About this exercise:
What you return must match, exactly, the lines running from the one containing "According to Census" to the end of the data, both included, and must contain no pictures.
━━━━━ Data shown ━━━━━
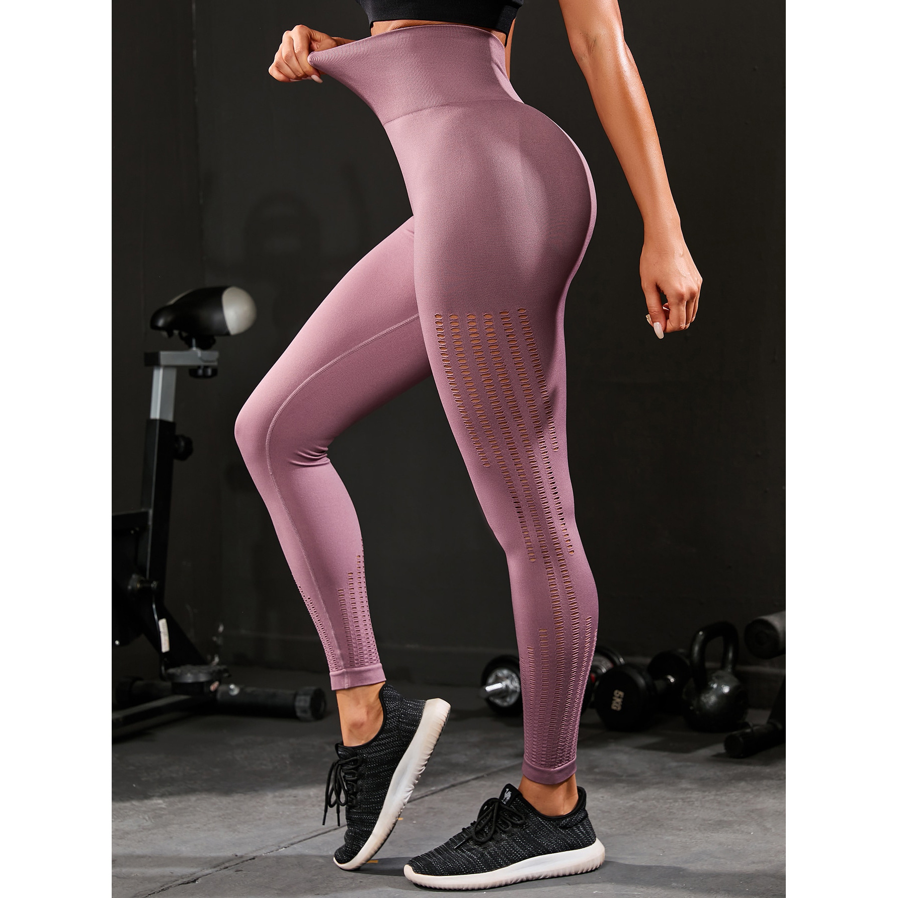 Pantalon de yoga de sport en maille sans coutures, taille haute, respirant, coupe pêche, séchage rapide.
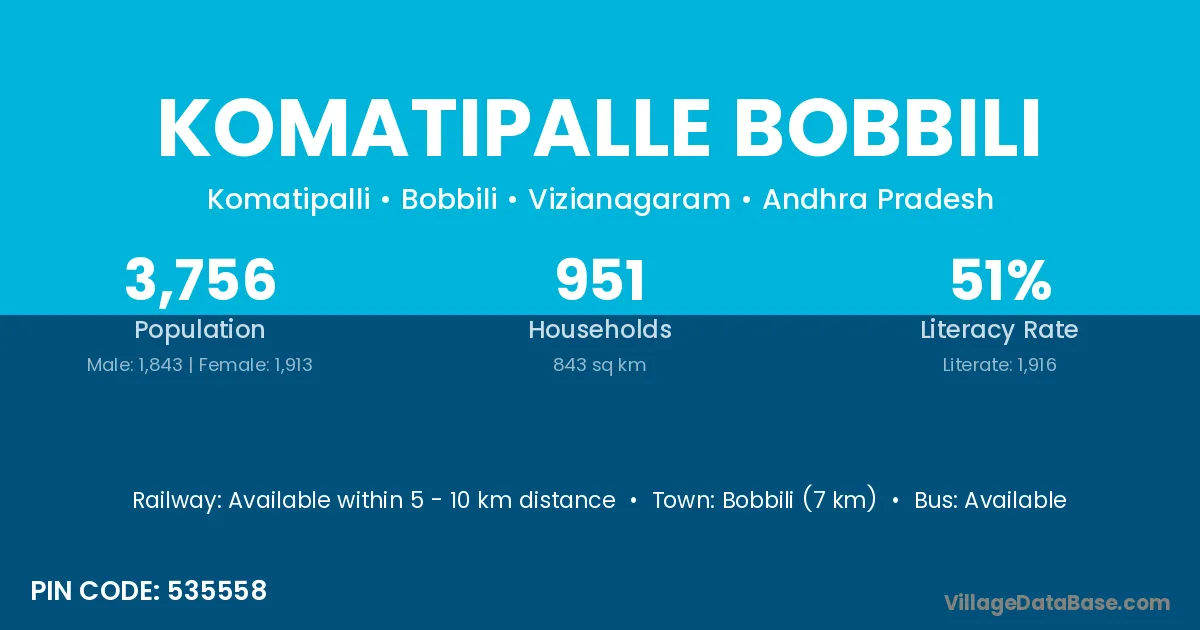 According to Census 2011 information, the village code of Komatipalle Bobbili village is 535558.
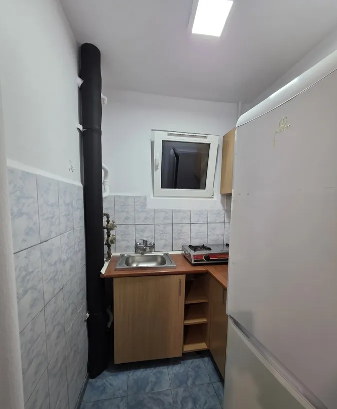 Garsoniera este mobilata si utilata , are gresie, faianta, parchet, termopane, usa metalica, frigider, masina spalat, TV, aragaz, cuptor.
━━━━━
Task answer:
 According to Census 2011 information, the village code of Komatipalle Bobbili village is 535558.
 Garsoniera este mobilata si utilata , are gresie, faianta, parchet, termopane, usa metalica, frigider, masina spalat, TV, aragaz, cuptor.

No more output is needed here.